I am worried that the existence of this sort of algorithm in the standard library will encorourage the creation of detached computation that can not be joined in a structured way.

I am also worried that the existence of detached computations will force execution contexts to keep track of outstanding work and give some other way of joining all work that is scheduled on them during shutdown - adding runtime overhead to those implementations and also complications like how to tell when all work that will be scheduled as actually been scheduled (an empty queue is not necessarily a reliable indicator that no more work will be scheduled on a given context).

In libunifex we have a submit() CPO, but it instead takes a receiver that will receive the results of the operation when it completes, allowing the operation to still be joined. And we don't really have much usage of submit() within libunifex - it is only used within the implementation of via() for untyped senders (something libunifex doesn't really support very well anyway) and within execute() which also has similar challenges with ensuring work is joined.

I would prefer to see an API for launching work that still provides some way for joining that work at a later point in time. e.g. in libunifex we have async_scope::spawn() for doing this which allows later joining all work spawned using that async_scope object.

The phrasing of section 4.6 seems to imply that all multi-shot senders have the forking semantics. i.e. that you can connect them multiple times to have multiple receivers receive the same result.

However, there are multiple possibilities here which I think should be called out explicitly.
Many of the purely-lazy senders will support being multi-shot-connectable but doing so will result in the sender having multiple independent copies of that operation launched, each potentially starting from scratch.

For example, the retry_when() algorithm in libunifex relies on this semantic to be able to retry a given input operation many times if it fails.

However, for an eagerly running operation, the natural thing for supporting multi-shot connect is to have the operation only execute once (it's already running and there is no easy way to start the computation again) and have multiple receivers each receive the same result from that single operation.

I think this section should call out these different interpretations for multi-connect senders explicitly and not leave the reader under the assumption that this always means "forking" a computation - it might mean duplicating a computation.

Clearly the two together represents valuable information.

However, take a trivial algorithm implementation based on what is in the paper like:

auto eager_erasing_then(s1, foo) {
return unschedule(then(s1, foo));
}

so this is not lazy, in that foo may well have started eagerly if s1 was eager and had a completion scheduler and then specialised on that information.
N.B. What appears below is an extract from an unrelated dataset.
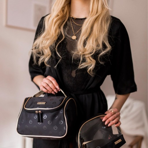 Kosmetyczki pochodzą z bardzo ekskluzywnej kolekcji w czarno złotej oprawie i mogą być wspaniałym pomysłem na prezent.

However eager_erasing_then is eager but returns a scheduler that explicitly erases its completion scheduler. It should still have is_strictly_lazy be false, but get_completion_scheduler should not be defined.
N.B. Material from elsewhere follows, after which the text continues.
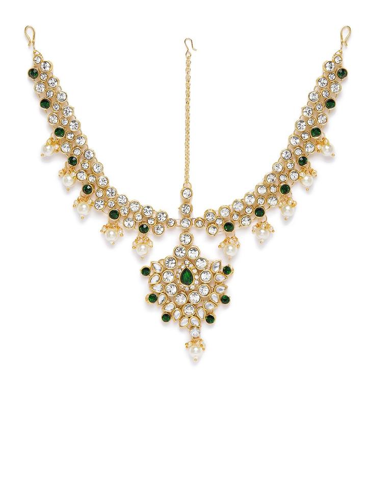 Products Name:Gold-Plated Bridal Shadow Choker Set with Earrings & Maang Tikka
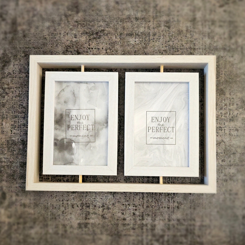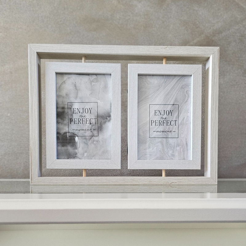 Представлява красива рамка с въртяща основа, в която могат да се поставят 2 снимки.

Do we have algorithms that plan to be constrained on whether execution::sender_traits<Sender>::is_strictly_lazy is true? Perhaps we should introduce a concept for this.

With the splitting of when_all into when_all/transfer_when_all I don't think this constraint is required any more.
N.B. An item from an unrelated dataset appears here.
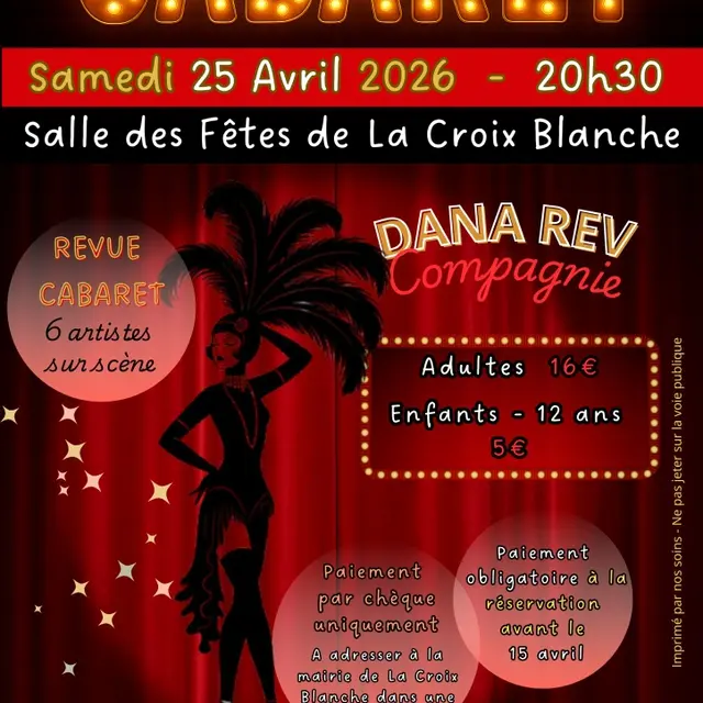 L’association Vitagym organise une soirée Cabaret avec DANA REV Compagnie. Entracte gourmand et rafraîchissant. Réservation avant le 15 avril.

Can we apply the following change:

The when_all algorithm requires that none of the predecessor senders have a completion scheduler, and returns a sender that also does not have an associated scheduler.

I think we should be clear precisely when these are to be used and what they mean, maybe that way we can get to better naming and double check if we need both.

Specifically, think of two cases and some algorithm sort(sender, cmp) -> sender.

As i understand it, we have a few things we need from this information:

1. We need to know if sort will run eagerly or not. This is a correctness question for the caller. Essentially we can think of this as "will the work represented by sort potentially have started by the time sort returns".
2. We need to be able to decide to eagerly enqueue work for GPU-like execution scenarios.
3. We need to know what scheduler work will complete on, so that type erased incoming senders can be paired with subsequent work.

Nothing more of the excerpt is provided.